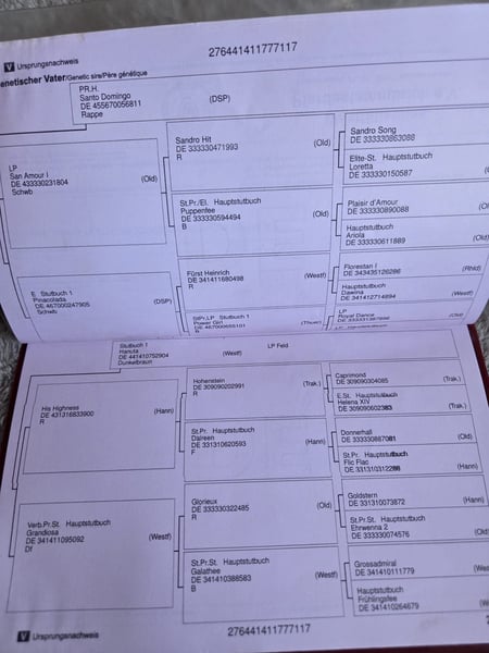 HIS HIGHNESS (HANN)HOHENSTEIN (TRAK)ST.PR. STUTE DAIREEN (HANN)CAPRIMOND (TRAK.) BHELENA XIV (TRAK)DONNERHALL (OLD)ST.PR. STUTE FLIC-FLAC (HANN)
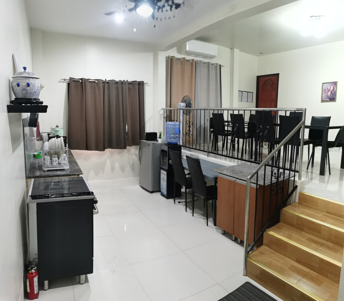 寬敞的二樓設有空調和獨家空間,有4間臥室。 兩間房間有獨立浴室,兩間房間共用浴室和洗手臺。 寬敞的空間,可供用餐、起居室和廚房區域使用,配有空調。 非常適合可容納10人的大型團體。 幼兒和8歲以下兒童免費,前提是他們使用同一張床。 步行5分鐘即可抵達SM Mall Ecoland、711和Day Spa。 4週以上的住宿可享有大幅折扣。 還提供面包車租賃。
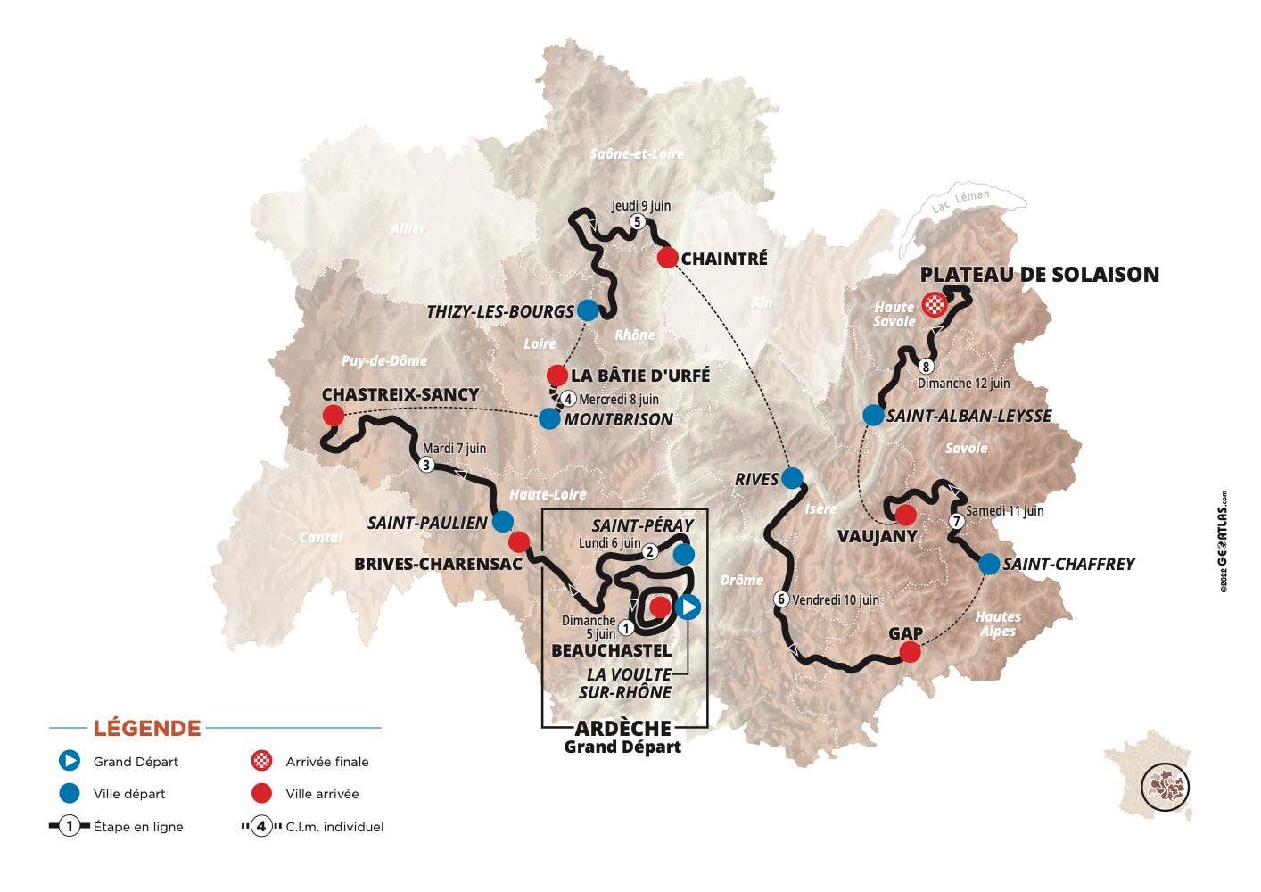 The eight-stage race, running from Sunday to June 12, hits a mix of terrain across central and eastern France, with stages into the Massif Central, some transition stages and an individual time trial, before climbing into the Rhône Alps for the final weekend.
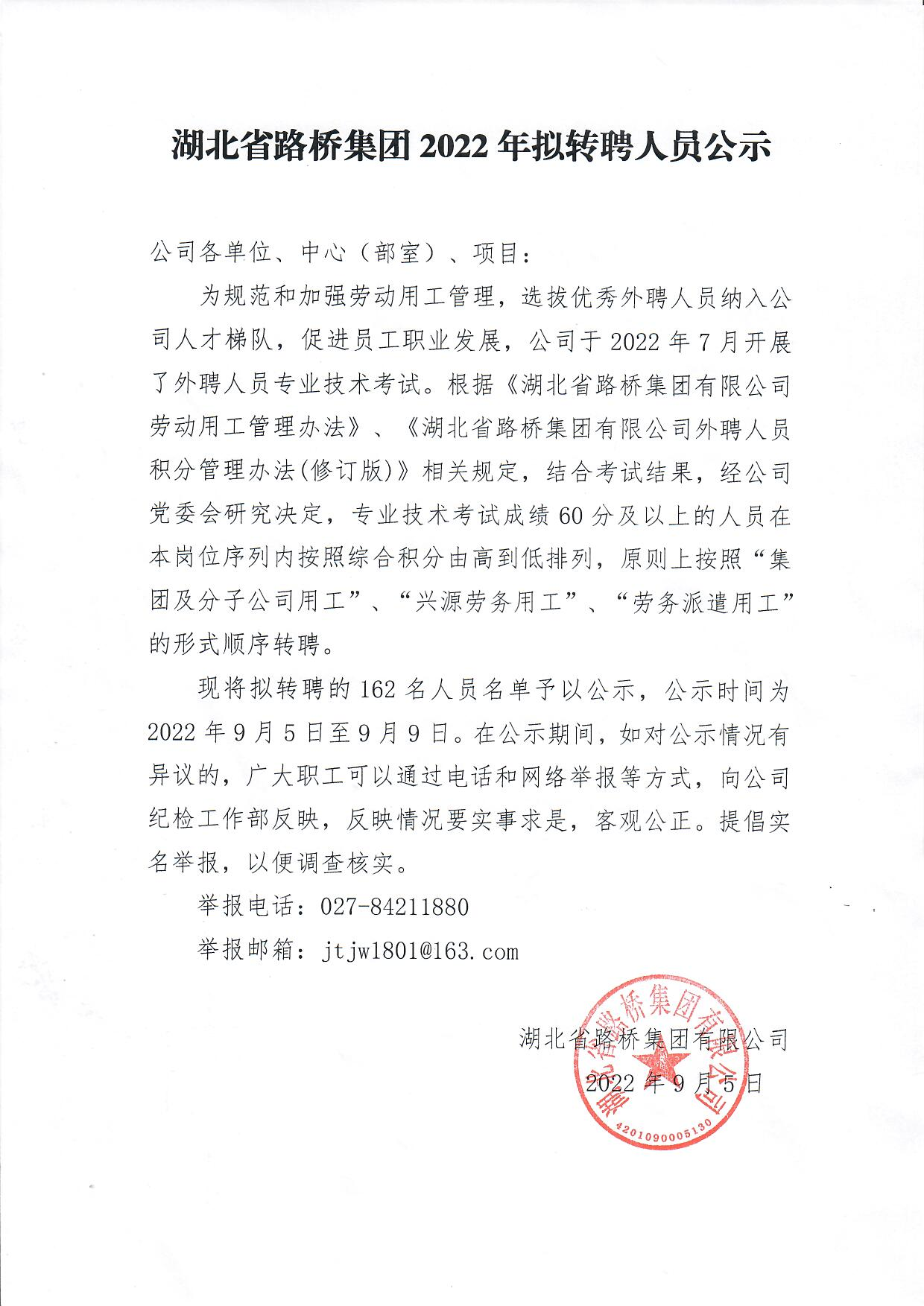 湖北省路橋集團(tuán)有限公司2022年擬轉(zhuǎn)聘人員補(bǔ)充公示

▸ TASK DIRECTIONS
Pictures are to be left out; the listing above is otherwise to be copied exactly.

▸ YOUR RESPONSE
 HIS HIGHNESS (HANN)HOHENSTEIN (TRAK)ST.PR. STUTE DAIREEN (HANN)CAPRIMOND (TRAK.) BHELENA XIV (TRAK)DONNERHALL (OLD)ST.PR. STUTE FLIC-FLAC (HANN)
 寬敞的二樓設有空調和獨家空間,有4間臥室。 兩間房間有獨立浴室,兩間房間共用浴室和洗手臺。 寬敞的空間,可供用餐、起居室和廚房區域使用,配有空調。 非常適合可容納10人的大型團體。 幼兒和8歲以下兒童免費,前提是他們使用同一張床。 步行5分鐘即可抵達SM Mall Ecoland、711和Day Spa。 4週以上的住宿可享有大幅折扣。 還提供面包車租賃。
 The eight-stage race, running from Sunday to June 12, hits a mix of terrain across central and eastern France, with stages into the Massif Central, some transition stages and an individual time trial, before climbing into the Rhône Alps for the final weekend.
 湖北省路橋集團(tuán)有限公司2022年擬轉(zhuǎn)聘人員補(bǔ)充公示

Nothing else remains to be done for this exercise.